Carey Gillam, Environmental Health News, October 11, 2017
Editor’s note: The below piece is excerpted from Carey Gillam’s new book Whitewash: The Story of a Weed Killer, Cancer, and the Corruption of Science, published by Island Press.
For many people, a toasted bagel topped with honey might sound like a healthy breakfast choice. Others might prefer a bowl of oatmeal or cornflakes or a hot plate of scrambled eggs. Few would likely welcome a dose of weed killer that has been linked to cancer in their morning meal.

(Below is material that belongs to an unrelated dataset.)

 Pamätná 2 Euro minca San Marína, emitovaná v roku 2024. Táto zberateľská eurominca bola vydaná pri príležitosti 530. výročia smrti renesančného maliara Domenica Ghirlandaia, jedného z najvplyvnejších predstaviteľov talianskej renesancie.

Yet that is exactly what private laboratory tests in the United States started showing with alarming frequency in 2014: residues of the world’s most widely used herbicide were making their way into American meals.

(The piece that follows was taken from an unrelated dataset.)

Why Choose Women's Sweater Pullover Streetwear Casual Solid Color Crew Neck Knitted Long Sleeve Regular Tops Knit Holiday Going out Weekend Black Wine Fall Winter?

Testing since then, by both private and public researchers, has shown glyphosate residues not only in bagels, honey, and oatmeal but also in a wide array of products that commonly line grocery store shelves, including flour, eggs, cookies, cereal and cereal bars, soy sauce, beer, and infant formula.
Indeed, glyphosate residues are so pervasive that they’ve been found in human urine. Livestock are also consuming these residues in grains used to make their feed, including corn, soy, alfalfa and wheat.
The United States allows among the highest levels of glyphosate residues, which critics say underscores the level of influence Monsanto has with regulators.
Glyphosate residues have been detected in bread samples in the United Kingdom for years, as well as in shipments of wheat leaving the United States for overseas markets. “Americans are consuming glyphosate in common foods on a daily basis,” the Alliance for Natural Health said in its April 2016 report, which revealed glyphosate residues detected in eggs and coffee creamer, bagels and oatmeal.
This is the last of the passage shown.